Zenoh vs MQTT vs DDS: Robotics Middleware Compared (2026)

Zenoh vs MQTT vs DDS: Robotics Middleware Compared (2026)

Zenoh vs MQTT vs DDS: Robotics Middleware Compared for 2026

Pick the wrong pub/sub layer and you discover it the hard way: a robot fleet that floods the network with discovery traffic the moment you scale past a dozen nodes, or a cloud telemetry pipeline that chokes the first time a forklift drives behind a steel rack and the Wi-Fi link goes lossy. The zenoh vs mqtt vs dds decision is not a feature checklist — it is a bet on a connectivity model, a discovery strategy, and a QoS philosophy that you will live with for the life of the platform. These three protocols solve overlapping problems from genuinely different starting points: MQTT centralizes on a broker, DDS distributes into a peer mesh, and Zenoh blends peer, brokered, and routed modes into one fabric. That difference shows up everywhere — in tail latency, in how badly things degrade over a WAN, and in whether ROS 2 stays responsive at fleet scale.

What this covers: connectivity and discovery models, transports, a side-by-side decision matrix, latency and scaling trade-offs, security, and concrete guidance on which protocol to choose for robotics and edge IoT.

Context and Background

The three protocols come from different decades and different design committees, and that lineage explains most of their behavior. MQTT is the oldest of the trio in spirit. It was created in 1999 for telemetry over expensive, low-bandwidth satellite links, and it has always been a broker-centric publish/subscribe protocol: clients connect to a central broker, publish to topic strings, and subscribe to topic filters.

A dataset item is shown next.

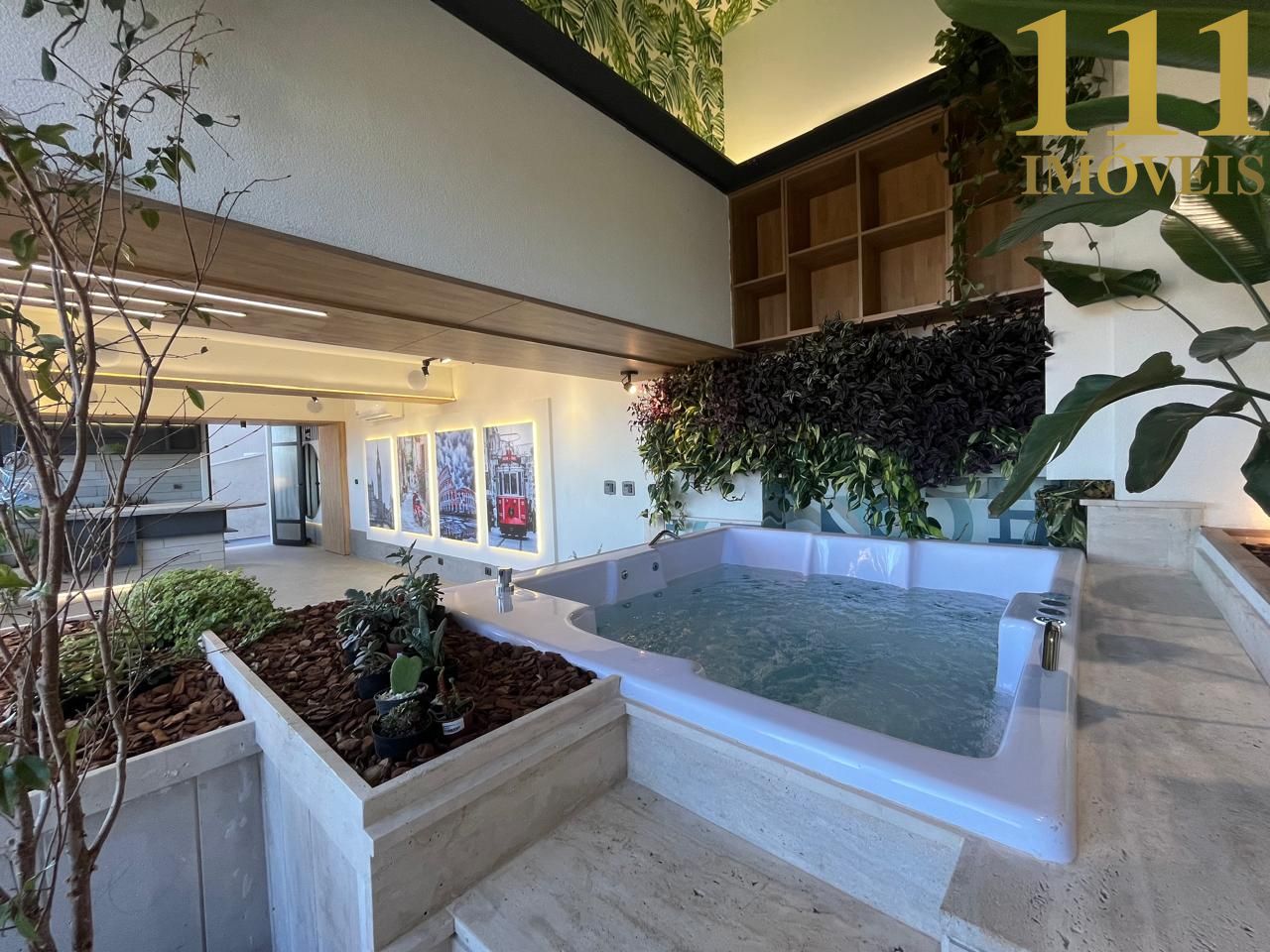 Outro espaço muito encantador e reservado com hidromassagem e bar ideal para relaxar.

The current standard, OASIS MQTT 5.0, added shared subscriptions, message expiry, and richer reason codes, but the model stays the same — everything routes through the broker. That simplicity is exactly why MQTT dominates cloud-facing IoT telemetry.

DDS (Data Distribution Service) comes from the Object Management Group’s DDS specification and is data-centric rather than message-centric. Instead of opaque payloads on topic strings, DDS models typed data objects with keys, and its wire protocol RTPS lets participants discover each other peer-to-peer with no broker at all. It carries a famously rich QoS catalog — deadlines, liveliness, durability, ownership — built for real-time and mission-critical systems in defense, aerospace, and industrial automation. DDS became the default middleware for ROS 2 precisely because robots need that determinism.

Zenoh (Zero Network Overhead) is the newcomer, born from Eclipse and the same researchers who shaped DDS thinking. It unifies three primitives — publish/subscribe, distributed query, and storage — over one protocol that runs in peer, brokered (router), or routed mesh topologies. The Eclipse Zenoh documentation frames it as a fabric that scales from microcontrollers to the data center. Crucially, ROS 2 now ships an rmw_zenoh middleware layer, making it a first-class alternative to DDS under the same ROS API. Understanding the OPC UA vs MQTT Sparkplug B trade-offs gives useful context for how data-modeling choices ripple through an industrial stack.

It helps to be precise about the abstraction each protocol exposes, because that shapes everything you build on top. MQTT gives you a flat namespace of topic strings and opaque byte payloads; the protocol neither knows nor cares what is inside a message, which keeps it simple but pushes all schema and type discipline up into your application. DDS hands you typed, keyed data objects and the concept of a global data space — readers and writers do not exchange messages so much as share a continuously updated view of named data instances, with the middleware tracking the latest value per key. Zenoh’s primitive is the key expression, a hierarchical, wildcard-capable resource name that a peer can publish to, subscribe to, or query, and that a storage can persist. That key-expression model is what lets Zenoh fold pub/sub, query, and storage into one API instead of three. For a robotics architect, the practical question is whether you want the middleware to enforce types and track state (DDS), stay out of the way (MQTT), or give you a queryable named-resource fabric (Zenoh) — and that choice is far more consequential than any single latency figure.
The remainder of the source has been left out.